Saturday, August 16, 2014

"Warrior"

Ever had a story in your head that won't leave you alone? I've been thinking about this one for a couple weeks now, so I decided to leap back into the writing pool with this short piece. That is all. Enjoy.

He looked up at the sound of her laughing, and watched as she vigorously rubbed their puppy’s neck and ears, thanking the pup in a ridiculous voice for his slobbery kisses.

She looked so happy, and…at peace. Their earlier conversation flashed through his mind, and he couldn’t help replaying her words in his head. Quite frankly, it bothered him how cavalier she was about what had happened to her; that she could just bring it up in casual conversation like it was any other event. But it had taken her five years to reach this point; surely he couldn’t begrudge her wanting to acknowledge it now and then.

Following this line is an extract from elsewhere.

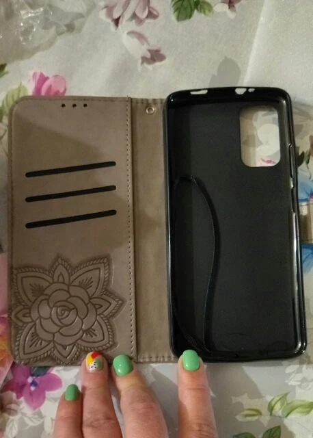 Всё , как на фото , чехол похож на кожу внешне . Есть отделения для карт , магнит хороший . Единственное не удобно при долгом разговоре ( добавляет размер прилично и не комфортно в женской руке ) . Доставка и отправка быстрая в Москву . Продавца рекомендую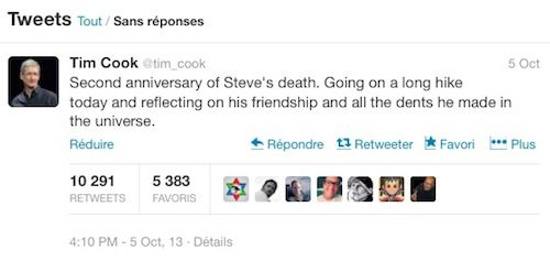 Cette année, pas de vidéo. Pour le second anniversaire du décès de Jobs, Cook a publié un tweet pour le public et une lettre aux salariés d’Apple. Dans son micro message, le CEO propose aux fans de réfléchir au message que le « patron » a laissé au monde. Pour sa part, il ira faire « une longue randonnée » pour méditer.

It wasn’t as though it didn’t faze her at all anymore; they slept in the same bed each night, and he was all too familiar with the nightmares that still came out of the dark to terrorize her unconscious. But he understood the desire to transform something horrible into just another everyday fact. Like hitting puberty and discovering hair in places it had never been before; something that happened to you without your permission. You can’t change it, so you do your best to adapt, to accept it as part of yourself and learn to live with it.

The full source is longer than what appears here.